Insights into the Structure of Reaction Intermediates Through Coupled X-ray Absorption/UV-Vis Spectroscopy

In this work, we propose a method for the structural characterization of chemical reaction intermediates. It allows one to analyze time-resolved coupled energy dispersive X-ray absorption spectroscopy (EDXAS) and UV-Vis reaction data through a matricial approach. Concentration profiles for the reaction key species are derived from the UV-Vis data and are used as mathematical constraints to extract their associated X-ray absorption near edge structure (XANES) spectra. The obtained XANES spectra are then quantitatively characterized by full multiple scattering (MS) calculations.

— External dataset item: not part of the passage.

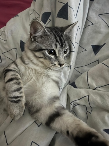 Kedimin aşıları tam, hiçbir şekilde yabancılık çekmeyen bir kedi eve misafir geldiğinde bile kendisiyle oynasını isteyen kendisini sevdiren bir kedi. Oyuncağını fırlattığınızda alıp size getirir ve tekrar atmanızı bekler :) parmak şıklattığınızda da hemen yanınıza gelir. Biraz temas seven bir kedi, yanınızda ve size yaslanarak uyumayı sever ama gece yanınızda yatmaz. Çok akıllı ve sevimlidir 🥲

We demonstrate the capabilities of this approach by applying it over a series of coupled EDXAS/UV-Vis spectra acquired in the reaction between \(\mathrm{Fe}^{II}\)(tris(2-pyridylmethyl)amine) (\([\mathrm{Fe}^{II}(\mathrm{TPA})(\mathrm{CH}_3\mathrm{CN})_2]^{2+}\)) and \(\mathrm{H}_2\mathrm{O}_2\). As a result, structural information for the elusive reaction key intermediate \([\mathrm{Fe}^{III}\)(TPA)(OOH)(X)]\(^{2+}\) is derived and it is suggested that \(\mathrm{X}=\mathrm{CH}_3\mathrm{CN}\) in opposition to \(\mathrm{X}=\mathrm{H}_2\mathrm{O}\).